Some examples of the short term actions are that Municipal Integrated Development Plans (IDPs) must set targets for, and monitor achievement of, equitable land access; IDPs should also project likely relocations and proactively provide for them; planning tribunals should manage development and land use rights progressively by assessing applications for their contribution to urban land reform as a matter of course; informal settlements should be zoned and incremental development areas should be established. The designation of informal settlements as incremental development areas and the recognition of informal settlement land use has a number of benefits including regulating living conditions for the benefit of the many and progressively upgrading and improving tenure security. The provision of basic services, local land records (official occupation letters, residential cards, occupancy registers, enumerations) and block layouts are some examples of mechanisms that improve tenure security. 

Taking a look at urban land reform in the human settlements sector, both the private sector and the state have a role to play. Social housing must be expanded and its “down-market reach” extended using value capture financing mechanisms and inclusionary housing requirements. In existing rental stock, curbing unfair rental practices, including unreasonable rental costs, should be regulated in the still outstanding Rental Act norms and standards. The Community Residential Unit Programme should be resuscitated for provision of new public rental housing. The title deed backlog in state subsidised housing needs to be addressed, not only by rectifying outdated deeds and ensuring that unissued deeds reach property owners, but also by a more systemic review of the fundamental problems associated with the registered ownership model of subsidised housing than has been conducted to date. The Upgrading of Informal Settlements Programme should be implemented at scale, according to its intentions for participative, incremental development.

Taking a longer term look at what action is required to give effect to the urban land reform provisions in the Constitution, two key areas of law reform need attention, in line with recommendations in the Presidential Advisory Panel and High-Level Panel reports a Land Redistribution Framework Act to give effect to equitable access and a Land Administration Act to secure tenure for the majority of people who live off-register, among other things.

As urban land transverses several line functions an “Office of Equitable Access” should be established within the Presidency with responsibility for the Land Redistribution Framework Act, and for monitoring and evaluating the performance of key sector departments accountable for the range of multi-sector programmes or measures which constitute urban land reform. An immediate task of the Office should be to convene a multi-sector consultation on the proposed Act, with both urban and rural inputs. This act should, at minimum, define “equitable access”, develop principles for land redistribution and identify the measures (existing and new) required to give effect to equitable access.

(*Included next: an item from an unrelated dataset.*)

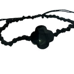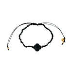 Bracelet doré sur cordon noir trèfle en onyx noire facettée

A Land Administration Act should enable the development of alternative systems of record keeping for off-register rights: enumerating rights, adjudicating rights, developing new systems of evidence to validate rights and developing systems of dispute resolution. 

A third area of legal reform is required as well, which concerns the Interim Protection of Informal Land Rights Act (IPILRA). Its urban application should be clarified and it should be made permanent legislation.

Carefully selected urban equitable access test cases should be identified with stakeholders in government, civil society and the private sector to operationalise key aspects of urban land redistribution under the authority of the Office of Equitable Access and the relevant sector departments.  Land records test cases should be developed that contribute to building land records legislation from the bottom up and confer more secure tenure in the meantime. More inclusive land use zoning, to legalise informal settlement land use, should also be tested.  

As crisis measures are planned and implemented, an opportunity also exists to ensure that those people most affected are never again ignored, invisibilised or unrecognised because they are poor.